BASICS
DESCRIPTION
• Hard exudates in theundus represent leakage of lipid and protein from incompetent vessels in the retina, choroid, or optic disc.
– Hard exudates are usually present in the outer plexiform layer of the retina but can dissect into the subretinal space as well as into other retinal layers.
EPIDEMIOLOGY
Incidence
Difficult to quantify
RISK FACTORS
Underlying vascular diseases such as diabetes, hypertension, and dyslipidemia
GENERAL PREVENTION
Control of blood glucose, blood pressure, and blood lipid levels can reduce the risk of common causes of hard exudates, such as diabetic retinopathy, hypertensive retinopathy, retinal arterial macroaneurysm, and retinal vascular occlusion.
PATHOPHYSIOLOGY
Increased vascular permeability allows leakage of protein and lipid into the retina.
ETIOLOGY
• Numerous retinal vascular diseases can cause hard exudates, including:
– Diabetic retinopathy
– Hypertensive retinopathy
– Retinal vascular occlusion
– Retinal arterial macroaneurysm
– Radiation retinopathy
– Coats’ disease
– Capillary hemangioma of the retina (i.e., von Hippel lesion)
– Neuroretinitis
– Choroidal neovascularization (e.g., age-related macular degeneration)

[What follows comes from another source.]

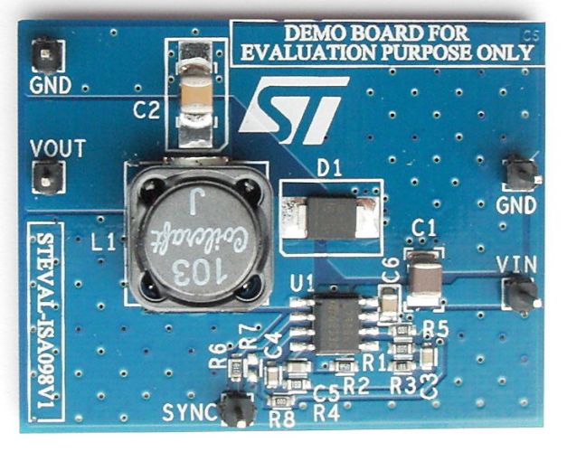 The STEVAL-ISA098V1 demonstration board is a step-down switching power supply based on the L7985A in HSOP8 package.

COMMONLY ASSOCIATED CONDITIONS
Macular edema is often present with hard exudates.
DIAGNOSIS
HISTORY
• Decreased vision if hard exudates are present in the macula
• Underlying medical diseases
PHYSICAL EXAM
• Fundus examination reveals discrete, yellow–white deposits most frequently in the posterior pole.

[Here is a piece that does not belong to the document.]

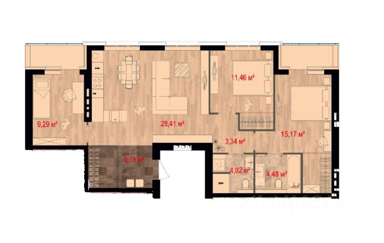 ** Состояние квартиры - идеальное. Общая площадь: 86 кв.м., имеется 2 лоджии (каждая по 4 кв.м.), просторная кухня-гостиная: 28 кв.м. и три изолированные комнаты: спальня (12 кв.м.) с оборудованной гардеробной (3 кв.м.) и выходом на лоджию (4 кв.м.); 1 детская (11,5 кв.м.); 2 детская (9 кв.м.) с выходом на вторую лоджию (4 кв.м.). Два санузла: туалет (инстоляция + раковина) и просторная ванная комната (6 кв.м.) с большой зоной хранения и дополнительным унитазом. Удобная прихожая с большим гардеробом (9 кв.м.).

• Can be globular, linear, circinate surrounding a leaking vessel, or large and confluent. A macular star can be seen with neuroretinitis or hypertensive retinopathy.

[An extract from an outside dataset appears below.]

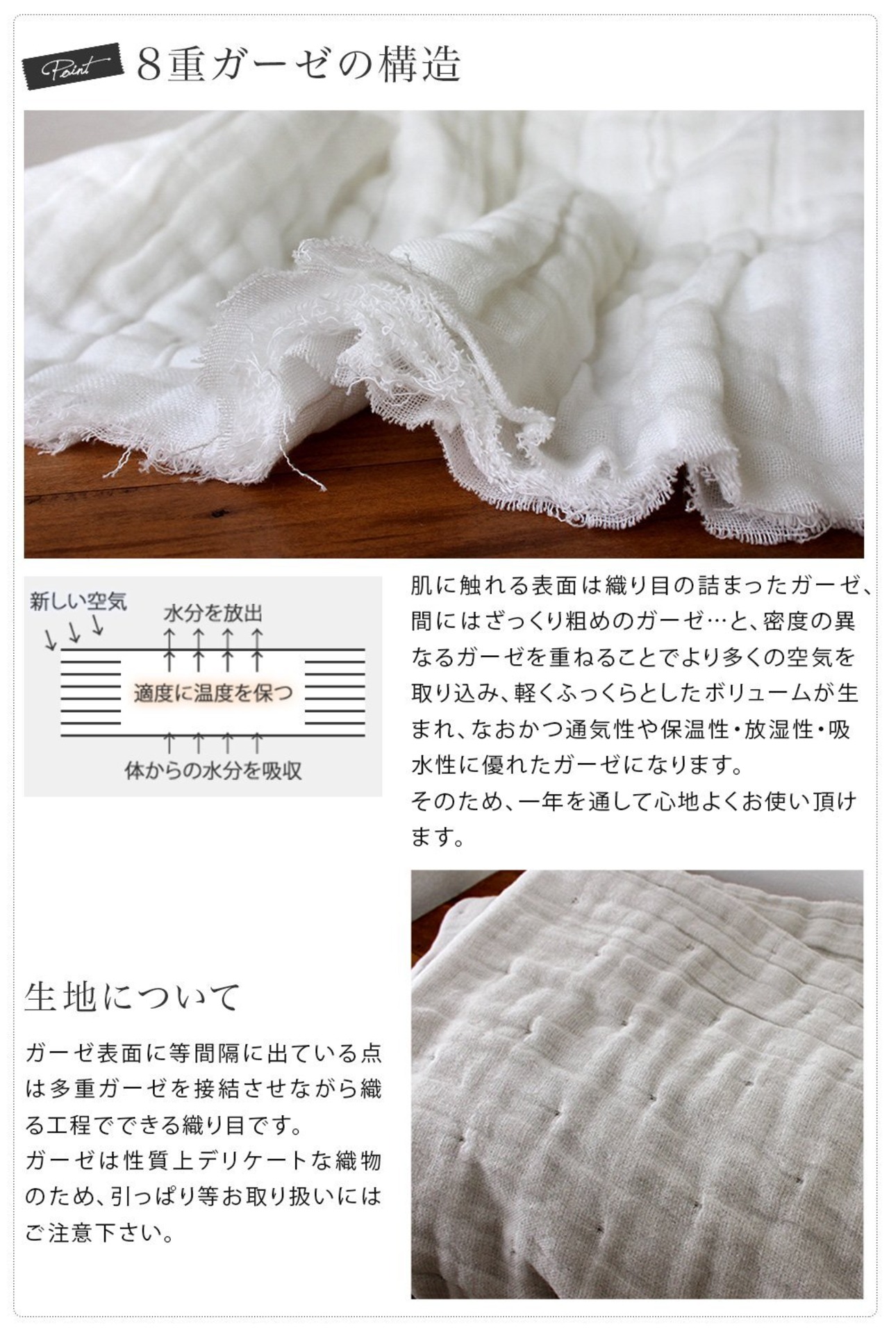 【8重ガーゼの贅沢な柔らかさ】たっぷりと空気を含んだ8重のガーゼで作った、とろけるような肌触りに包まれるガーゼケットです。限られた工場でしか生産できない格別な心地良さです。

DIAGNOSTIC TESTS & INTERPRETATION
DIFFERENTIAL DIAGNOSIS
• Cotton-wool spots
• Myelinated nerve fiber layer
• Retinitis
• Drusen
• Chorioretinal atrophy
• Hollenhorst plaque
• Crystalline retinopathy (see the Talc retinopathy chapter)
TREATMENT
MEDICATION
First Line
Treatment of the underlying disorder is required.
Second Line
For diabetic retinopathy and diabetic macular edema, a common cause of hard exudates, treatment of the underlying macular edema with laser photocoagulation and/or injection of intraoular steroid or anti-VEGF medication can lead to resolution of the hard exudates (1,2)[C].
SURGERY/OTHER PROCEDURES
Submacular surgery has been used to remove massive diabetic submacular hard exudates.
ONGOING CARE
COMPLICATIONS
• Macular edema is often associated with hard exudates.
• Patients with neuroretinitis may have an afferent pupillary defect, but this often resolves with time.
REFERENCES
1. Larsson J, Kifley A, Zhu M, et al. Rapid reduction of hard exudates in eyes with diabetic retinopathy after intravitreal triamcinolone: Data from a randomized, placebo-controlled, clinical trial. Acta Ophthalmol 2009;87:275–280.
2. Ciardella AP, Klancnik J, Schiff W, et al. Intravitreal triamcinolone for the treatment of refractory diabetic macular oedema with hard exudates: An optical coherence tomography study. Br J Ophthalmol 2004;88:1131–1136.